→ PROVIDED MATERIAL:
▶

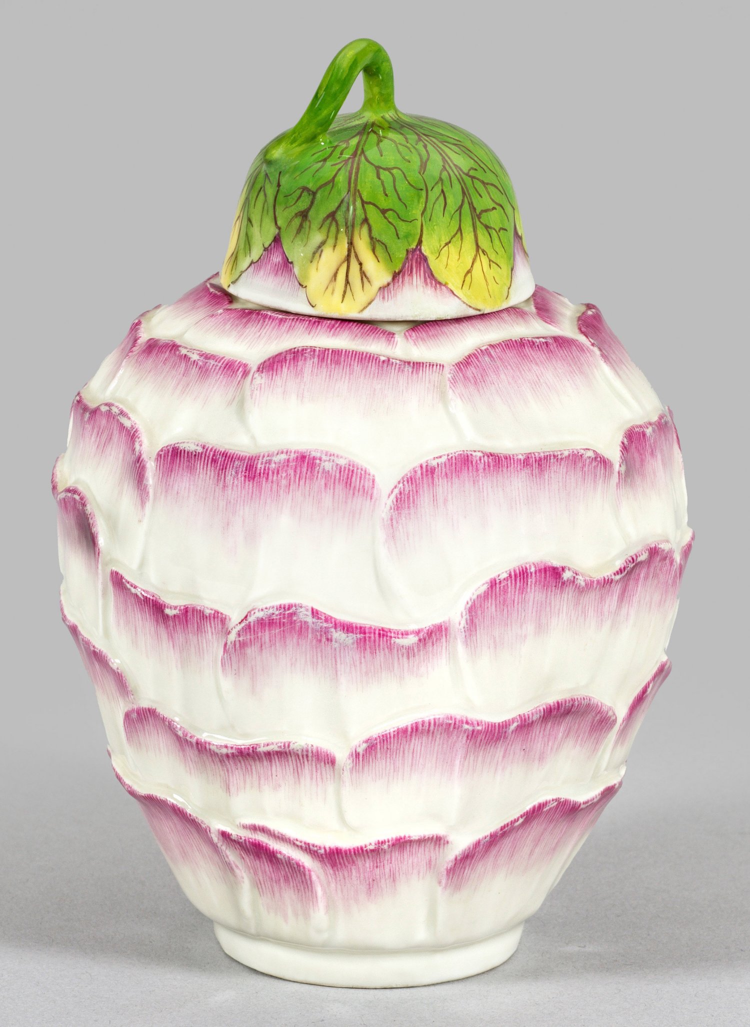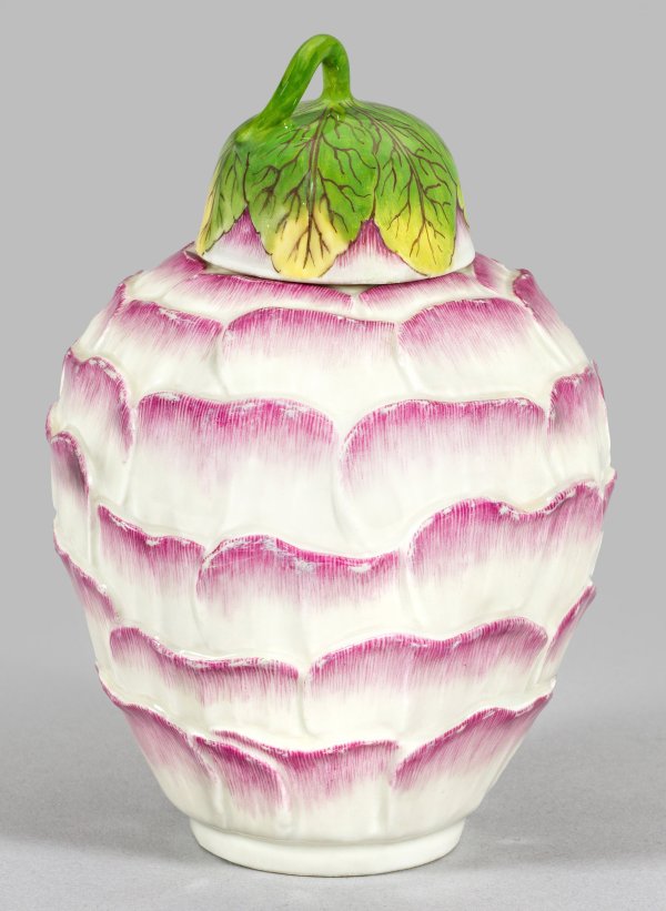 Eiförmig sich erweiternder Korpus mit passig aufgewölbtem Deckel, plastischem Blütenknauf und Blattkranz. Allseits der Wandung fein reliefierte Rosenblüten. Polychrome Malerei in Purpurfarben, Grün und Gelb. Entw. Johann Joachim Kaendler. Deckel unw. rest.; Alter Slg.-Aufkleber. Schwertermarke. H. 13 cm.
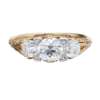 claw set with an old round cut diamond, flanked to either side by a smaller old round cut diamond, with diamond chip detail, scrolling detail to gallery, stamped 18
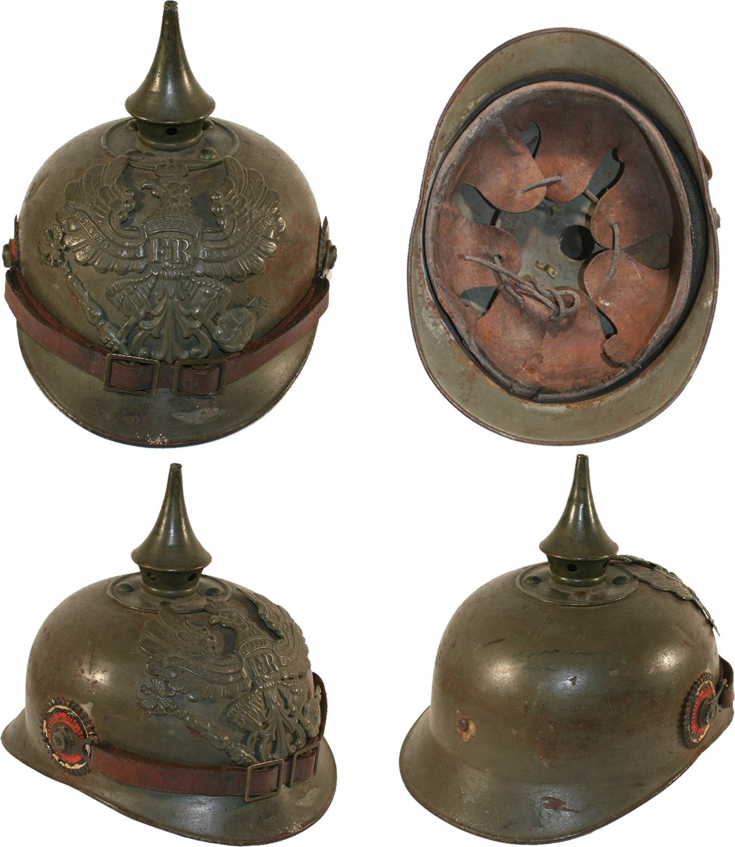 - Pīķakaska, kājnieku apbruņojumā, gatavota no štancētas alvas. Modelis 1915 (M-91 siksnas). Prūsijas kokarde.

◀

Write out the listing above again, exactly, but with no pictures in the copy.

 Eiförmig sich erweiternder Korpus mit passig aufgewölbtem Deckel, plastischem Blütenknauf und Blattkranz. Allseits der Wandung fein reliefierte Rosenblüten. Polychrome Malerei in Purpurfarben, Grün und Gelb. Entw. Johann Joachim Kaendler. Deckel unw. rest.; Alter Slg.-Aufkleber. Schwertermarke. H. 13 cm.
 claw set with an old round cut diamond, flanked to either side by a smaller old round cut diamond, with diamond chip detail, scrolling detail to gallery, stamped 18
 - Pīķakaska, kājnieku apbruņojumā, gatavota no štancētas alvas. Modelis 1915 (M-91 siksnas). Prūsijas kokarde.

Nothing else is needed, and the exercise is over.